Одолевая слабость, Яромир приподнялся на локте. Окно было распахнуто, и все равно воздух в покое оставался спертый, больной. Под окном на лавке, привалившись к стене, дремал Тинар, но, словно почувствовав, что на него смотрят, открыл глаза.
— А, очнулся? — пробормотал он заплетающимся языком, хотел добавить что-то еще, но сон опять сковал его.
— Ночью он подле тебя сидел, — пояснил Торопча, помогая товарищу добраться до постели. Вернувшись, поставил на стол миску, налил щей. — Поднимайся, боярин!
— А где Древлевед? — спросил Нехлад, разминая мышцы и садясь за стол.
От него не укрылось, что при упоминании имени мага тень легла на лицо Торопчи. Впрочем, мог бы и не смотреть — давно знал, что его ближники к Древлеведу относятся весьма неоднозначно.
— Наверное, скоро будет. Он сейчас много по городу ходит.
— А что нынче в городе?
— Посвободнее стало, — с явным облегчением сказал Торопча. — Ливейских переселенцев по селам разводят. Белгастово войско в поле стоит. Князь с Вепрем в Нарог ушли. Буевит тебя вчера спрашивал, но зачем видеть хочет — не сказал.
Приведя себя в порядок, Нехлад вышел на воздух. Был солнечный, шумный день. Жизнь возвращалась в привычное русло, Новоселец прихорашивался. В кузне уже звенел молот Нечая. Нельзя не признать, город попал в заботливые руки.
В головной части кремля сновали слуги и работники, спешили куда-то посыльные, богато одетые люди из народных старшин дожидались приема у Ярополка. Буевит отыскался не сразу. Трое спрошенных указали разные места, и в конце концов молодой боярин наткнулся на стабучского воеводу случайно, когда заглянул на один из задних двориков, где тот что-то обсуждал со своими людьми. Прохладно поинтересовавшись здоровьем Нехлада, Буевит сказал:
— Мой брат принял решение отправить прах Владимира Булата на родину, в Сурочь. Только тебя и ждем, нужно, чтобы ты при открытии могилы присутствовал.
Лицо его при этом было хмурым, и сам он весь подобрался, готовый встретить и недоумение, и обиду, и гнев. И Яромиру действительно захотелось разгневаться. Изъять из кургана — первого захоронения в новой земле — тело первого управителя Крепи значило умалить благодарную память всех сурочцев, оставшихся здесь после гибели Булата. Умалить и их собственный труд и заслугу. Попросту — унизить.

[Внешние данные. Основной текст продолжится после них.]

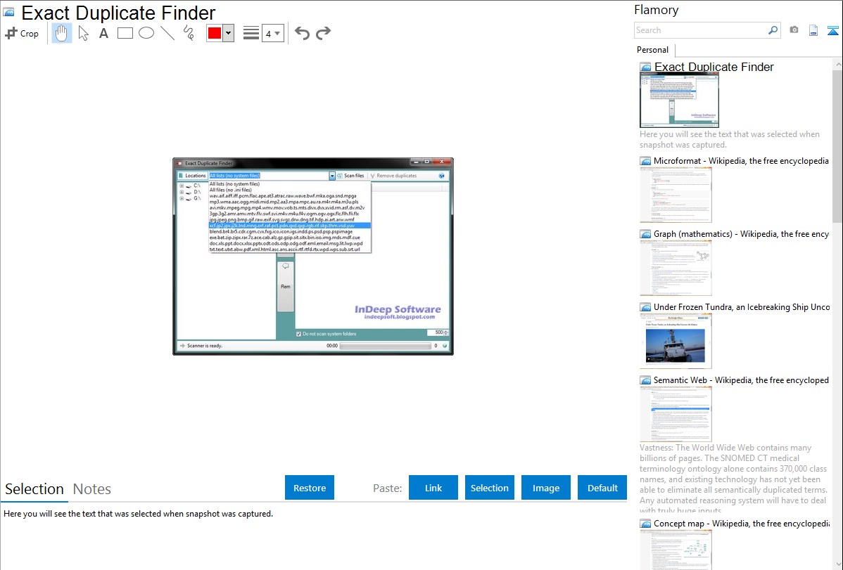 Flamory helps you capture and store screenshots from Exact Duplicate Finder by pressing a single hotkey. It will be saved to a history, so you can continue doing your tasks without interruptions. Later, you can edit the screenshot: crop, resize, add labels and highlights. After that, you can paste the screenshot into any other document or e-mail message.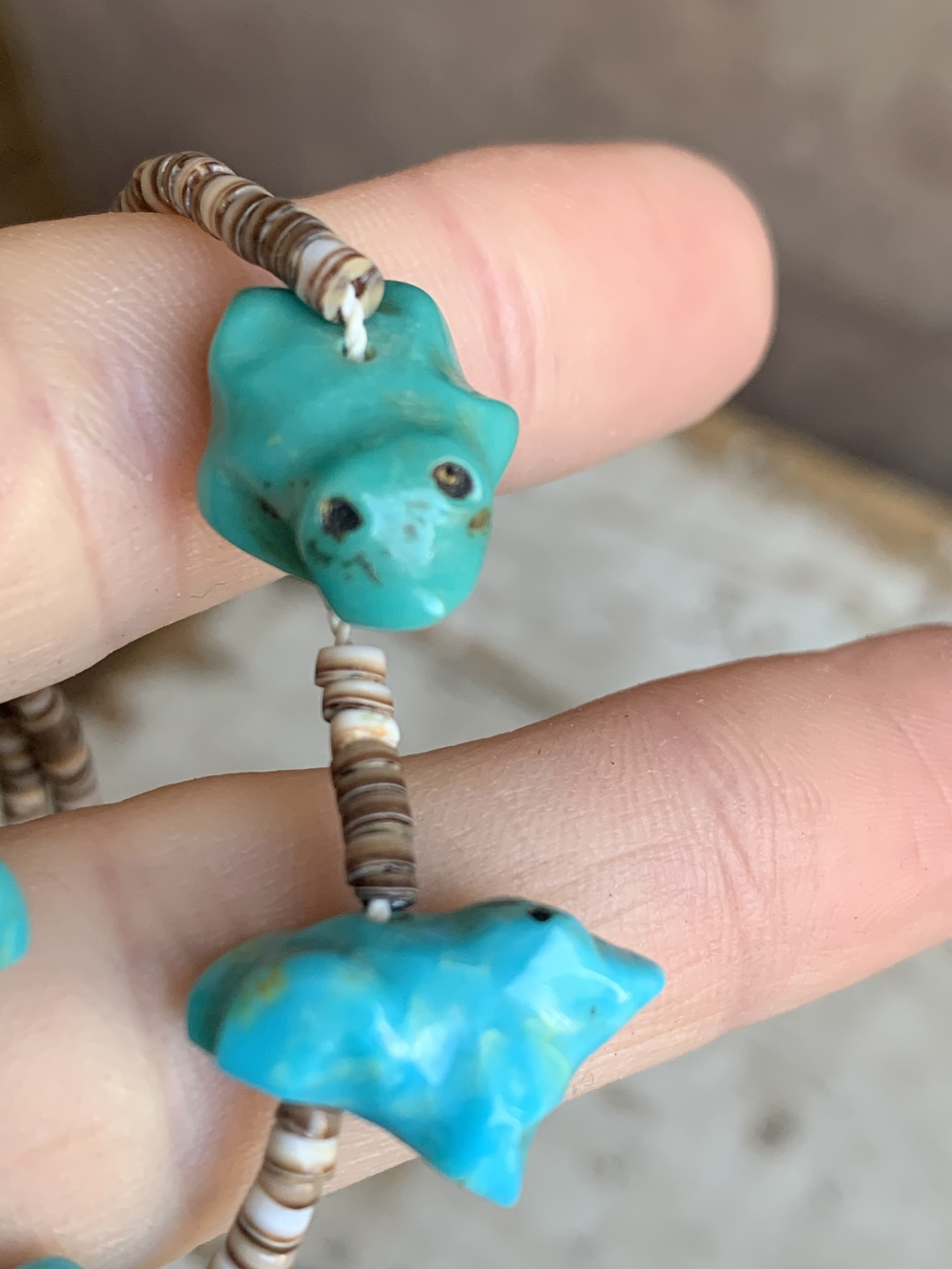 The other concerns: I am unaware of a metal hang tag style for her hallmark. This was a Quandelacy family thing, but I haven’t seen it for her. And her hallmark style looks different in a fetish necklace that’s credibly by her, with a stamped hallmark on a cone. I can’t vouch for this other listing, but it seems close to right.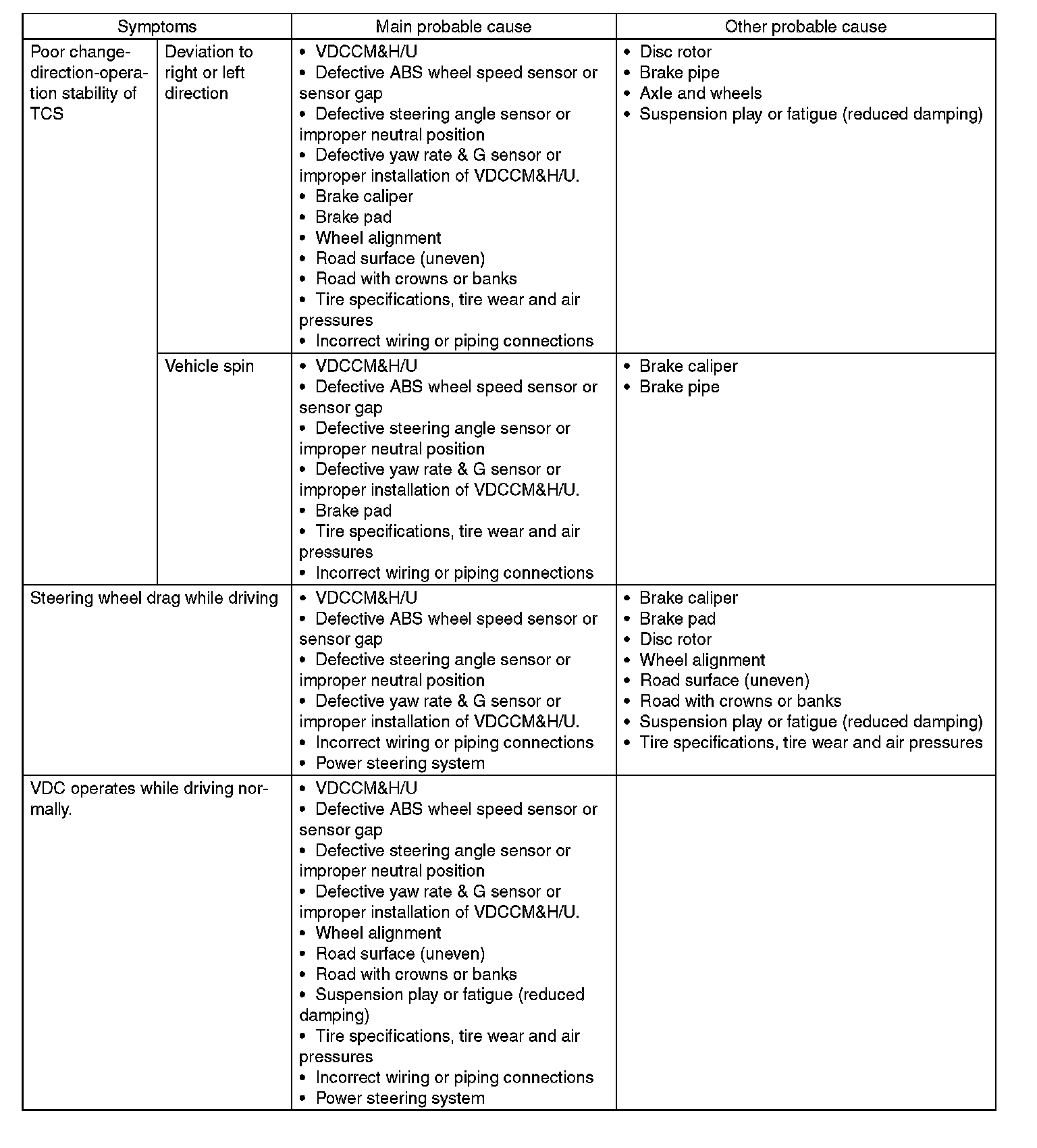 General Diagnostic Table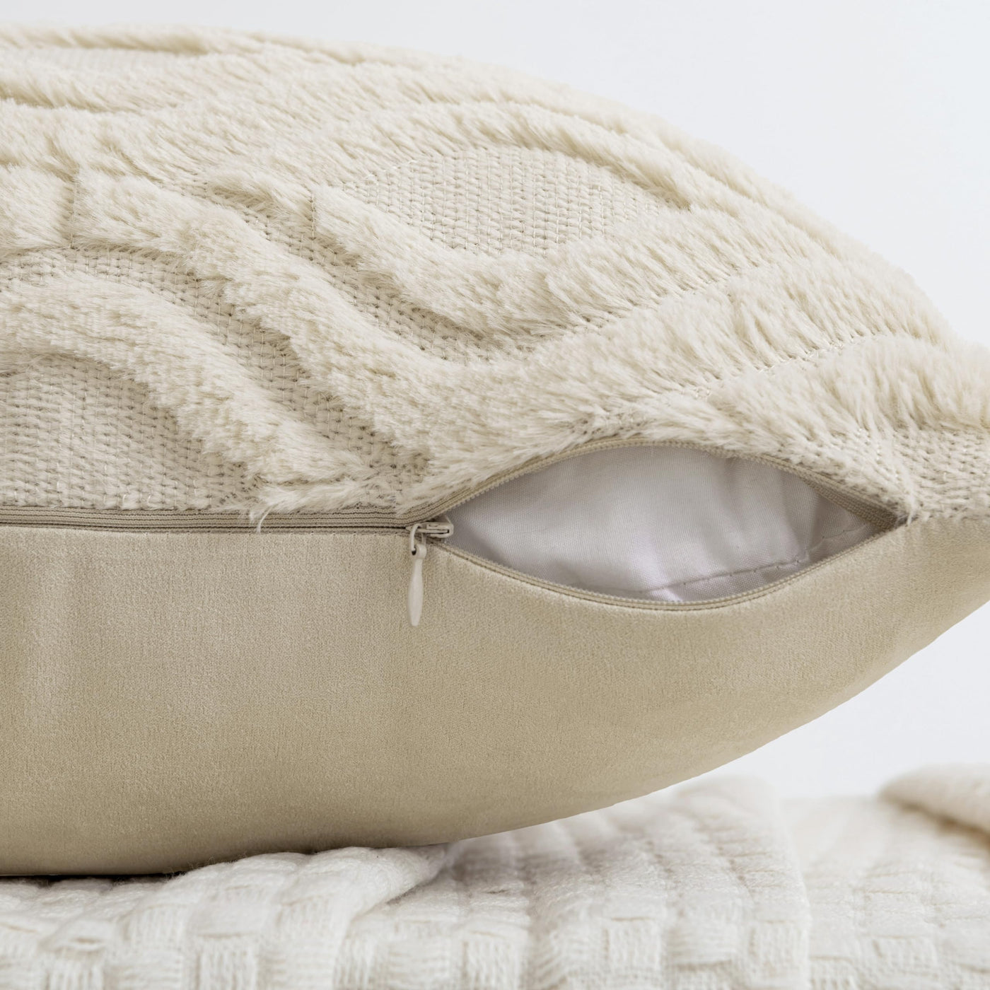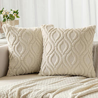 Miulee Beige Throw Pillow Covers 20X20 Inch, Soft Winter Plush Faux Wool Couch Pillow Covers Set Of 2 Decorative Farmhouse Boho Throw Pillows For Sofa Living Room Bed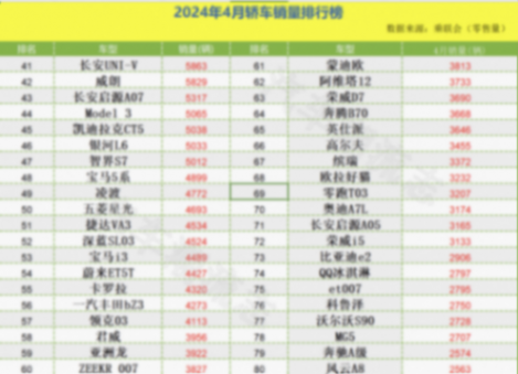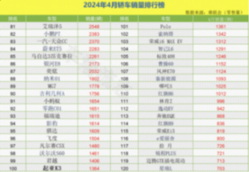 41-120名之中,排在41-47名里的車型都突破了5千輛,其中長安啟源A07、銀河L6的銷量上漲明顯。而Model 3、凱迪拉克CT5等車型則呈下滑趨勢,尤其是Model 3相比上個月(3月份轎車)零售量下滑9416輛,比較慘淡。之后就不一一闡述了直接看圖!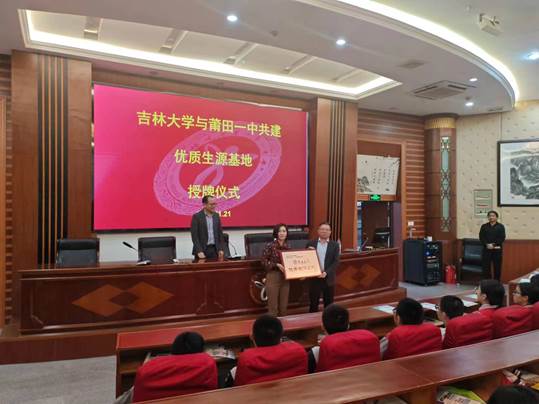 莆田市第一中学创办于1906年,系省一级达标高中、省首批重点中学。2023年度有4名学子被bevictor伟德官网录取。董事长蔡金清、教务处李真及高三200名同学出席活动。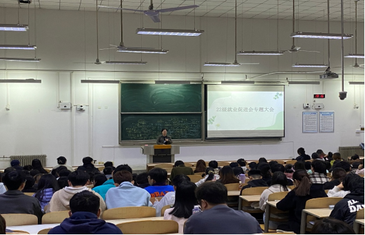 为切实做好2026届毕业生就业指导工作,帮助同学们明确就业方向、提升就业竞争力,10月28日晚,经济管理学院22级毕业生就业促进会主题大会在教1-205顺利召开。会议由毕业生辅导员张玉玲老师主持,22级毕业生参会,主要围绕就业形势分析、秋招尾期应对策略、求职经验分享及就业动员等内容展开。
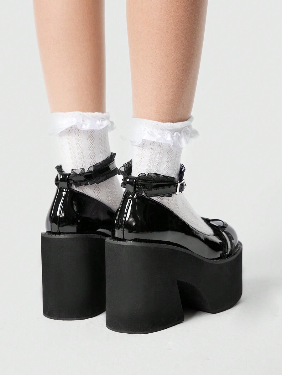 Goth Scarpe da donna Mary Jane con fiocco, rifinite in rete con motivi floreali, punta tonda, tacco con zeppa, stile carino e scuro, colore nero, adatte per uso quotidiano e scolastico, scarpe primaverili, primavera, Pasqua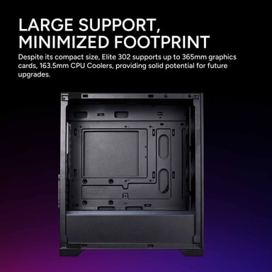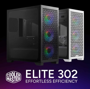 Cooler Master Elite 302 PC-kabinettet er et mini-tower kabinet til microATX builds. Det har et værktøjsfrit magnetisk frontpanel for nem adgang og leveres med tre 120mm blæsere, der holder dit system køligt og sikrer problemfri drift.Læs mere om produktet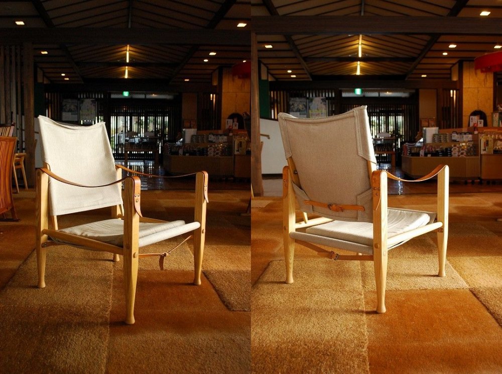 英国軍が使用していた組み立て椅子が起源の椅子で、おそらく最古の組み立て式の椅子がこのサファリチェア。接着剤を一切使わずに組み立てる事が出来て、座る事によってそのすべてが引き締まって安定する構造は正に秀逸の一言。軽くて、デザイン的にも優れていて、長く愛される理由が一杯ある椅子です。座ってみてその構造を確かめて下さいね。 |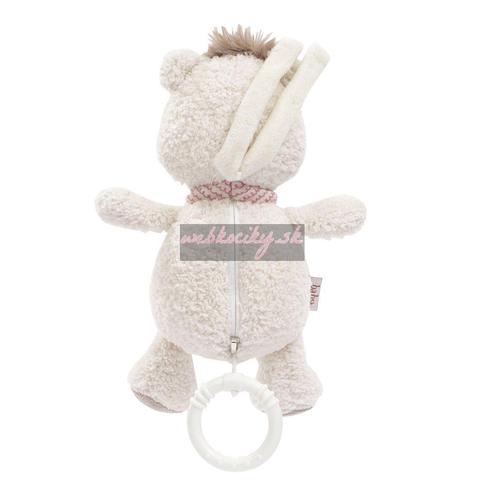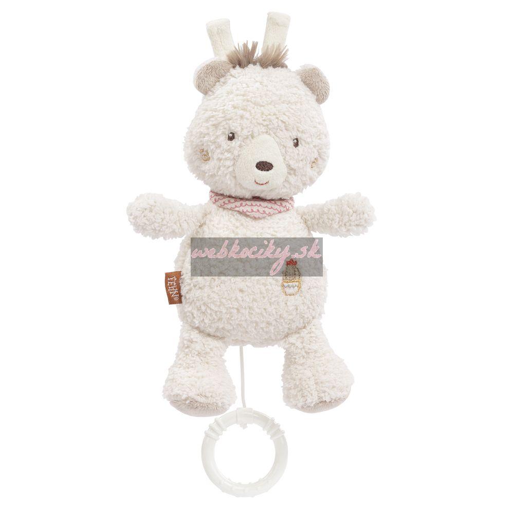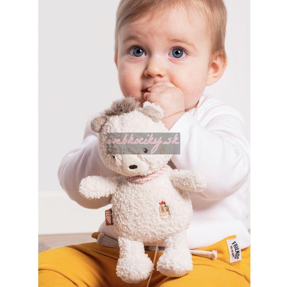 Plyšový medveď s hracím strojčekom, ktorý sa spúšťa zatiahnutím za krúžok. Strojček sa dá vybrať, hračka má zips. Príjemné tlmené farby a mäkký materiál podporujú maznanie a upokojujú dieťa. Vďaka dvom popruhom možno hračku rýchlo pripevniť na kočíky, autosedačky a postieľky.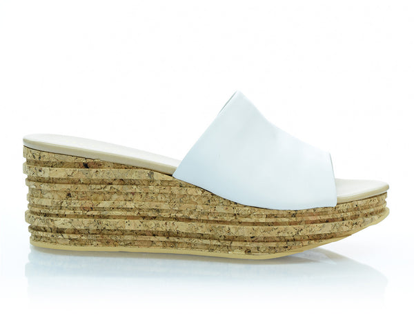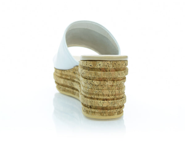 This white wedge is so comfy you'll want to wear it every day. The wide white leather strap hugs your foot and really pops against the textured cork 3" wedge.
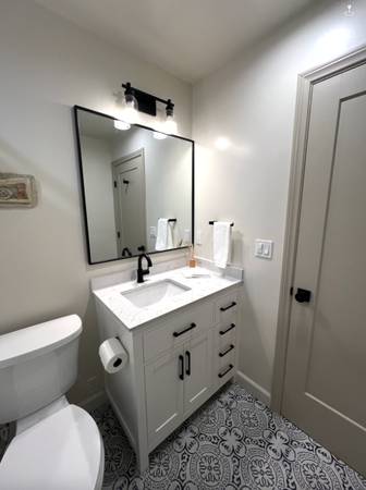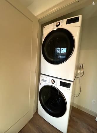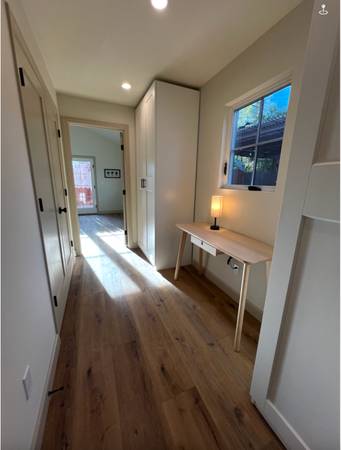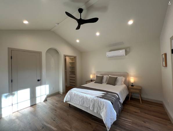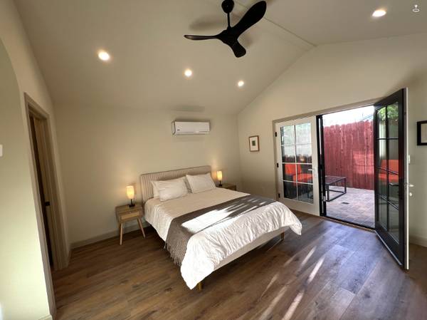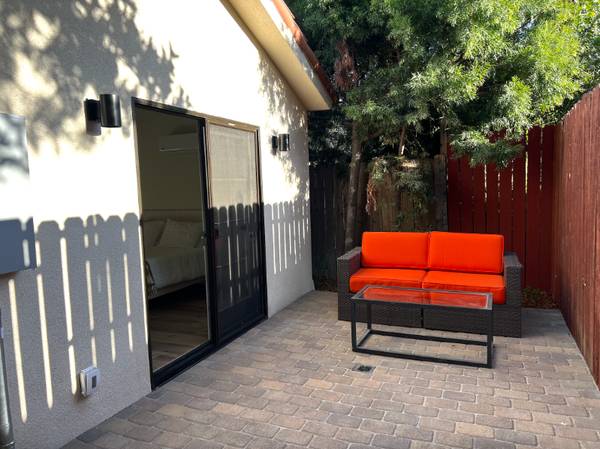 Discover your private Spanish oasis in this newly constructed ADU. This charming casa combines old-world charm with modern convenience, featuring elegant arches and traditional Spanish architectural details that transport you to the Mediterranean. Your private entrance leads into a thoughtfully designed living space flooded with natural light. The contemporary kitchen sparkles with brand-new stainless steel appliances, perfect for trying out those tapas recipes. A full-size washer and dryer add everyday convenience. The spacious bedroom offers abundant built-in storage solutions, while high ceilings and large windows create an airy, open feel. French doors lead to your personal garden patio an ideal spot for morning coffee or evening sangria. Located in a peaceful residential pocket, this ADU offers the best of both worlds: tranquil surroundings and easy access to local hotspots. Walk to trendy restaurants and boutique shopping, then return to your serene retreat.

Шаг дерзкий… и глупый. Первая могила — первая святыня в новой земле. Оставить сурочцев без святыни — значит вызвать не только недовольство, но и опасное волнение. Заигрался Ярополк!
Впрочем, все это не так уж важно. Нехлад отметил про себя, что на самом деле остается спокойным и называет про себя сурочцев «они». Хорошо…
— Что молчишь-то? — грубовато, словно лишний раз подначивая (ну давай уже, выругайся поскорее, и покончим с этим!), спросил Буевит.
— Не сочти за труд, сообщи своему брату, что никакого перенесения праха не будет.
— Ярополк рассердится…
— Думаешь, это заставит меня передумать? — пожал Нехлад плечами.
Вид его был столь безмятежен, что готовность Буевита к спору рассеялась сама собой.
— Пойми, Яромир, предложение брата не лишено оснований…
— Пойми, Буевит, меня не интересуют основания. И если Ярополк решит разрыть курган без моего присутствия, как кладбищенский вор, меня это тоже не заинтересует. Не стыдно ему позориться — что ж, его право, а мне недосуг. Демоница из Ашета уже близко.
— Что? Насколько близко?
— Расстояние до нее измеряется не верстами, а поступками.
Ошеломленный внезапной догадкой, Буевит воскликнул:
— Ты позволишь ей захватить город?! Отомстить решил? Даже ценой… ценой своей Незабудки?
— Буевит, забота о ближних делает тебе честь, но горячность унижает. Остынь и подумай. Вспомни события на Новоторной дороге, поразмысли — и сам устыдишься нелепости собственных слов.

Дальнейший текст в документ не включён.